With a number of these issues informing her prior work, here referring not only to Asian Biotech, but also to the edited volume Global Assemblages, 2 Ong seeks to recast problems of technology and life in theoretical terms, crafting a new vocabulary and situating herself within a broader literature of biological and medical anthropology. In spatial terms, this means paying a great deal of attention to the non-West, and even as Singapore remains the central and nominal focus of the work, there are numerous references to related sites (India, Japan) and scholars within Ong's network (Lawrence Cohen, Andrew Lakoff, Margaret Lock, and Kaushik Sunder Rajan), indicating an interest in breaking down older categories such as center-periphery or periphery-metropole. In selecting a site such as Singapore, Ong has therefore consciously chosen a locale that has decided to bet big—both literally and metaphorically, as Ong informs us of the state's simultaneous aim to invest in casino infrastructure through the Marina Bay Sands Project—on the life sciences, here combining existing strengths in higher education (National University of Singapore, Nanyang Technological University) with a series of emerging partnerships, including relationships with Johns Hopkins, Duke University Medical School, and MIT.

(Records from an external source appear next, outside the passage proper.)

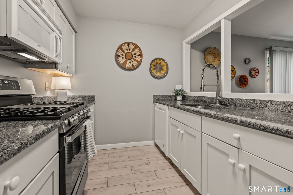 Welcome to this beautifully updated 2 bedroom, 1.5 bath condo in the highly desirable and well established Ridge at Talcott Notch community; ideally located just minutes from UCONN Medical Center and close to West Hartford center. With over 1,600 sq ft, this home has everything you'll need to live comfortably at an affordable price point. The updated kitchen features granite countertops and stainless steel appliances and overlooks the generously-sized dining area. The spacious living room features a cozy wood-burning fireplace and sliders leading to a private patio that overlooks woods, creating your own peaceful oasis. Rounding out the first floor, you and your guests will appreciate an updated half bath with granite counters and tiled flooring. Upstairs, you'll find two generously sized bedrooms, a remodeled full bath, and a versatile loft space with vaulted ceilings and skylight-ideal for a home office, reading nook, or additional living area. Second-floor laundry, just steps from the bedrooms, and loads of storage space add additional convenience. Additional highlights include central air, natural gas heat, a detached garage, plenty of additional open parking, and access to community amenities including an in-ground pool and clubhouse. HOA covers heat, hot water, grounds maintenance, snow removal, trash, sewer, and more for easy, low-maintenance living.
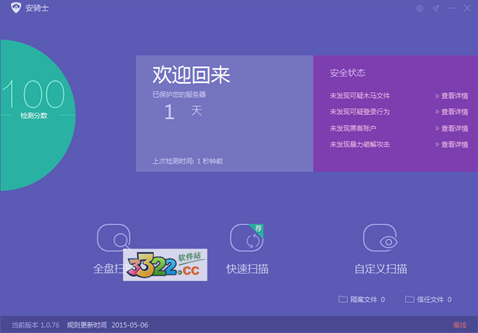 3.查看是否有第三方的防病毒產(chǎn)品,如果有,嘗試關(guān)掉之后重新安裝安騎士Agent,部分第三方的防病毒軟件可能會(huì)禁止安騎士Agent訪問(wèn)網(wǎng)絡(luò)。打開(kāi)軟件安騎士軟件,然后我們點(diǎn)擊全盤(pán)掃描,然后等待掃描結(jié)果
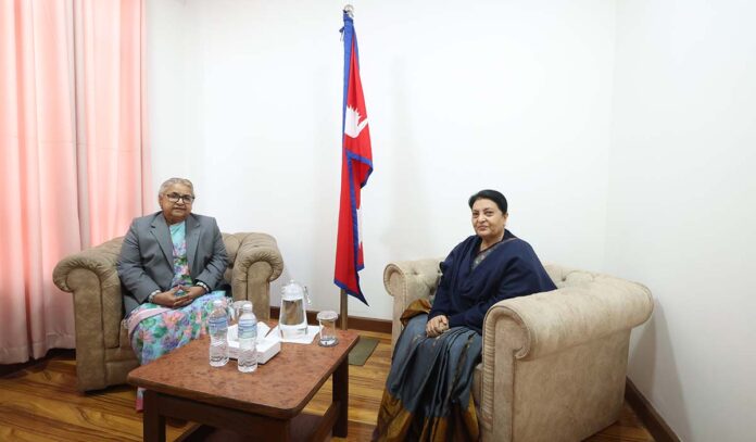 काठमाडौं । प्रधानमन्त्री सुशीला कार्कीसँग पूर्व राष्ट्रपति विद्यादेवी भण्डारीले भेटवार्ता गर्नुभएको छ । सिंहदरबारस्थित प्रधानमन्त्री तथा मन्त्रिपरिषद् कार्यालयमा पुगेर पूर्व राष्ट्रपति भण्डारीले प्रधानमन्त्री कार्कीसँग भेट गर्नु भएको हो । भेटम पछिल्लो राजनीतिक घटनाक्रम र समसामयिक विषयमा कुराकानी भएको प्रधानमन्त्रीको सचिवालयले जनाएको छ । कार्की नेपालको पहिलो महिला प्रधानमन्त्री हुनुहुन्छ भने भण्डारी नेपालको पहिलो महिला राष्ट्रपति हुनुहुन्छ । गोरखापत्र

In laying out this ambitious project with three thematic clusters, Ong's analytic functions at its sharpest when it interrogates the broader Sino-sphere world of the Malay peninsula and Singapore, especially the multiple ways in which some of the major actors behind Biopolis, JTC (Jurong Town Corporation) and Philip Yeo, have sought to capitalize upon tropes of “Asia” and “Asian-ness.” With the SARS outbreak of 2003 extending beyond southeastern China to reach Southeast Asia, Singapore was able to capitalize by creating a “success” narrative of its own; in fact, a statue of the SARS genome features prominently in the Biopolis Park, where visitors can “pass through” the structure, thereby overcoming the disease. Along similar lines, Biopolis has built this message into its core thematics, claiming that its labs and facilities will provide greater access to “Asian” diseases such as dengue and malaria, holding a material impact for the lives of Singaporeans and their neighbors. Moreover, the genetic diversity of the region offers great promise as well, a message designed to appeal to international partners such as HUGO (Human Genome Organization), here linked with the figure of Edison Liu, a bioscientist and one of the senior heads among the various “foreign talents” recruited to Singapore with offers of funding and access to stem cell lines for research.

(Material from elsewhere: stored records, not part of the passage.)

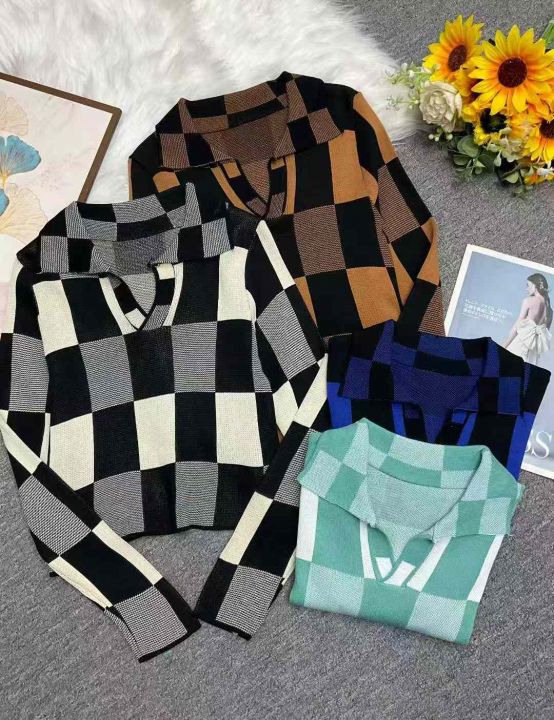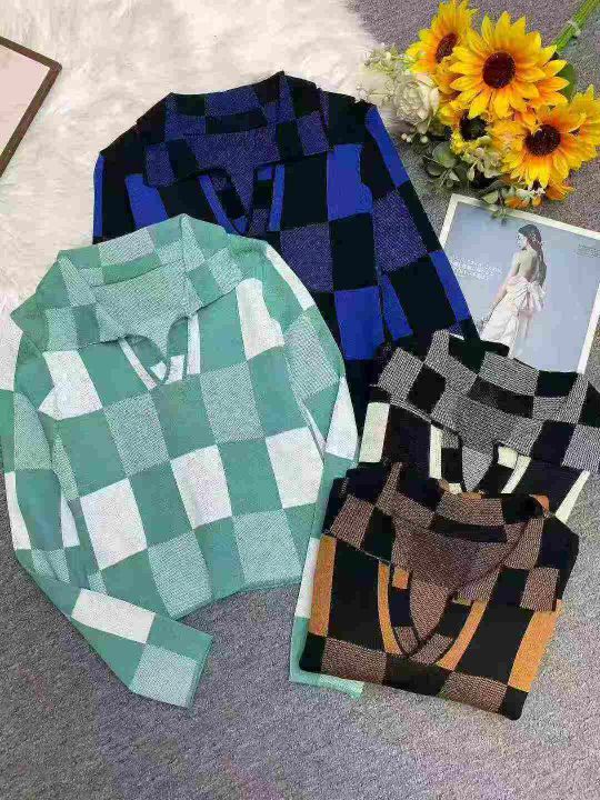春秋新款韩系格纹翻领针织套头毛衣,独立包装,均码面料柔软舒适弹力大,63...
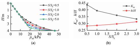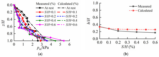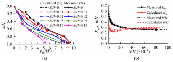 The relationships between the ratio h/H (the distance from the wall base to the horizontal earth pressure resultant force’s acting point relative to the wall height), the horizontal earth pressure coefficient Km, and the relative horizontal displacement S/H (or wall rotation angle) are illustrated in Figure 9b. Figure 9b shows that the calculated and measured values of h/H and Km agree well and follow consistent trends. The calculated relative position h/H of the resultant force aligns closely with experimental data. As the horizontal displacement at the wall top increases, h/H decreases gradually from an initial value of 1/3 (corresponding to the at-rest earth pressure state). This occurs because, under small displacements, the reduction rate of earth pressure in the upper wall section exceeds that in the lower section, shifting the resultant force downward. With further displacement, the upper soil reaches the active earth pressure state and ceases to decrease, while pressure near the wall base diminishes slowly. Only the mid-section continues to decrease, causing the resultant force to gradually rise. Ultimately, when the soil reaches the fully active limit state with linear pressure distribution, the resultant force returns to the 1/3 wall height position.
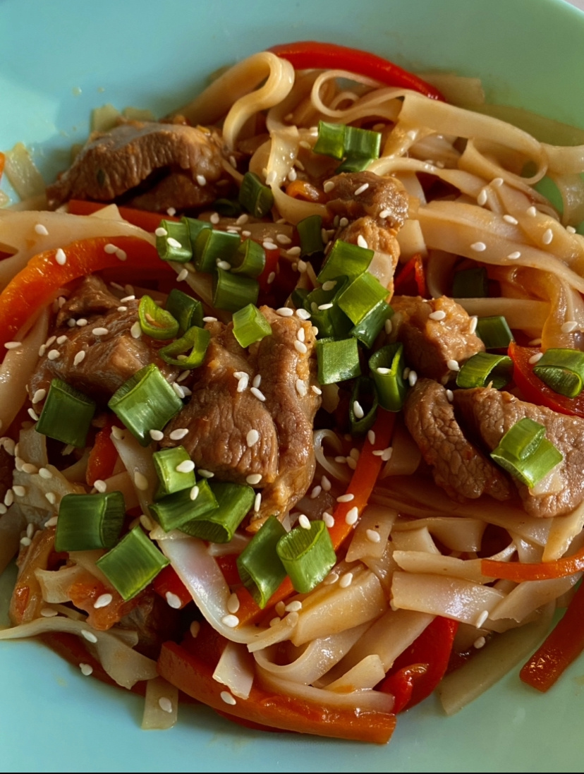 - нарезать свинину на тонкие полоски, обжарить с добавлением масла до полуготовности, отварить лапшу без добавления соли
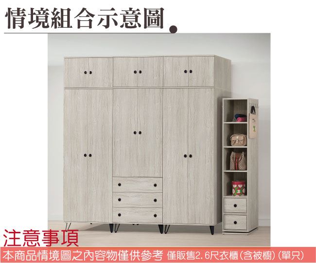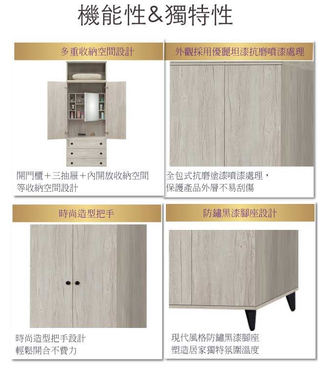 商品介紹 | 【綠家居】提菲芮 加高2.6尺四門三抽衣櫃/收納櫃組合(內含化妝鏡面櫃設置) 淺橡木紋色系+現代簡約風格+安心材質製造,整體採用防蛀木心板+黑鐵砂腳座+防夾手緩衝門片五金+五金滑軌結構+強化玻璃鏡面等安心材質製造,外層採用全包式防潮耐磨噴漆處理搭配採用開門櫃+吊衣桿+三抽屜+內開放式收納層格+內含可開合使用化妝鏡面櫃設置等收納空間設計,全由專人配送到家,專業安心服務,替你省下更多時間! 【商品特色】 淺橡木紋色系+現代簡約風格+安心材質製造,使用放心+搭配居家更便利 採用防蛀木心板+黑鐵砂腳座+防夾手緩衝門片五金+五金滑軌結構+強化玻璃鏡面等安心材質製造 採用開門櫃+吊衣桿+三抽屜+內開放式收納層格+內含可開合使用化妝鏡面櫃設置等收納空間設計 此商品不需要DIY組立,此商品為組立後之成品 品質保證、專業設計、貼心服務 全由專人配送到家,專業安心服務,替您省下更多時間 |
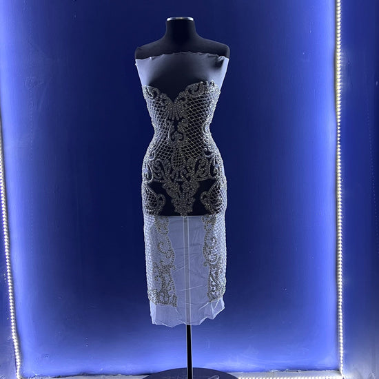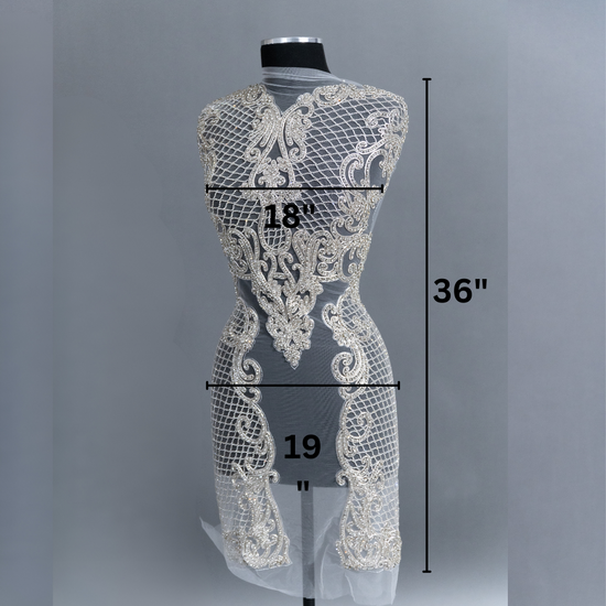 This one-piece bodice is attached to a mesh backing for easy use in DIY projects. Perfect for use on custom prom dresses, wedding and bridal dresses, formal dress occasions, and more.
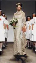 Lorenzo Riva è uno degli ultimi couturier che ancora sanno costruire lo strascico tenendo conto sia delle proporzioni della sposa sia di quelle della navata della chiesa. Stavolta ha saputo creare anche un indimenticabile abito da ballo verde chiaro con orlo ripreso da rose di stoffa. Peccato però che la sua sfilata per pochi intimi all'hotel Esedra sia stata funestata da inutili polemiche usate al posto della colonna sonora.
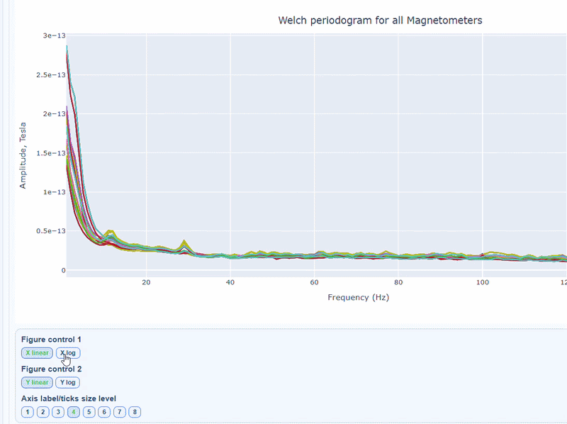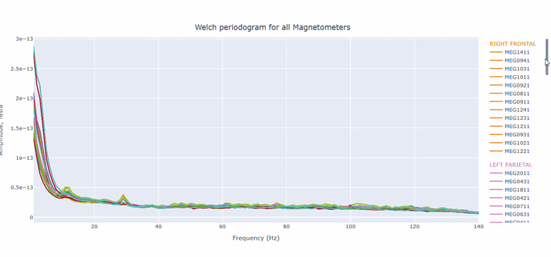 On hover you can see the channel name and the PSD value at that frequency (e.g., MEG0211: 1.2e-13 at 50Hz). This allows you to identify channels with high power in specific frequency bands.
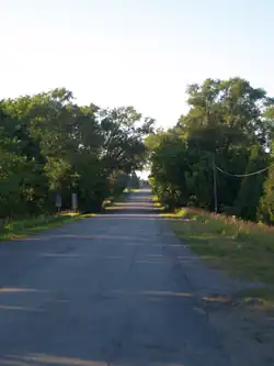Through Etobicoke, it encountered mostly industrial surroundings, meeting Dixon Road at a cloverleaf interchange near the Toronto Congress Centre, then crossing (but not interchanging with) Highway 409. Highway 27 followed a mostly straight route throughout its length, as it passed through the suburb of Rexdale, then north of Kleinburg, with the vast majority of the highway being surrounded by rural farmland. Within Etobicoke, Highway 27 travelled along the 3rd Concession,[5] and in York Region followed the 9th Concession of Vaughan and King Township; both being approximately 16 km west of Yonge Street. It passed along the western edge of suburban sprawl in Vaughan, near the community of Woodbridge. South of Kleinburg, the highway dipped into the Humber River valley, connecting with Islington Avenue. North of the valley, it continued through King Township into the Oak Ridges Moraine, dividing the village of Nobleton and entering Schomberg immediately south of Highway 9, north of which the highway entered Simcoe County.[6][7]

In setting up these lines of inquiry, especially in the first section, “Risks,” Ong takes care to balance the diverse claims contained within the Biopolis narrative of origins, pointing out that many of these tropes have a backstory. The local schematic for ethnic classification, for example, collectively known as “CMIO” (Chinese-Malay-Indian-Other), derives from the British colonial experience, and continues to inform Singapore's uneasy blend of politics and ethnic-based authoritarianism. At the same time, Ong observes that the sorts of “uncertainties” (section two) associated with the park and its considerable ambitions may be viewed as productive, rather than as problematic. A significant motivating factor links these goals to proximity and potential access to China, with Singapore's combination of domestic scientists, foreign-recruited (senior) personnel, and a slate of regulatory and diagnostic tools combining to form a powerful appeal, especially for conducting clinical trials and generating new forms of drug discovery. Here, although not always stated explicitly, Singapore is juxtaposed with biopark sites in India and in China, projects possessing similar aims but lacking Singapore's considerable reputation for regulatory efficiency.

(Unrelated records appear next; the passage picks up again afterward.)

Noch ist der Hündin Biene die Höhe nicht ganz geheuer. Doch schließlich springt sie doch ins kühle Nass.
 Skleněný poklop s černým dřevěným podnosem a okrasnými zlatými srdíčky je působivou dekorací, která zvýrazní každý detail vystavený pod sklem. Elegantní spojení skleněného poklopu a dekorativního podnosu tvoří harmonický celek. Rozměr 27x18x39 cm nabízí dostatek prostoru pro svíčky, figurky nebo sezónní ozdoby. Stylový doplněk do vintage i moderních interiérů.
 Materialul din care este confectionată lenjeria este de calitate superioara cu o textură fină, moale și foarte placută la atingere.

If its regulatory culture offers one potential benefit to Singapore's prospective clients, another key issue lies in the management of accumulated biological data, a concern not only for individuals, but also framed here in terms of the politics of indigenous groups and their relations to external forces, whether in terms of the state or in terms of privacy and corporate interests. In raising these issues, Ong overlaps with recent work in the history of biology, especially Joanna Radin's Life on Ice: A History of New Uses for Cold Blood and Radin's edited volume with Emma Kowal, Cryopolitics: Frozen Life in a Melting World.3 These two works provide a much-needed perspective on the history of bio-banking in the international context, an area where Singapore often tries to legitimate itself against a background of China and India, without necessarily addressing its own vexed domestic politics. In fact, a number of Singapore's recent health campaigns challenge any claim to transparency and expertise, whether we refer to the policy of sterilization targeting select groups of women or the eugenics message implicit to the “graduate mothers” schemes of the 1980s, offering incentives to Singaporean Chinese women willing to reproduce under specific conditions. Ong's focus remains on the recent, but her questions touch upon the deep fissures within the region, especially the ethnic-based politics informing the relationship between Singapore and Malaysia.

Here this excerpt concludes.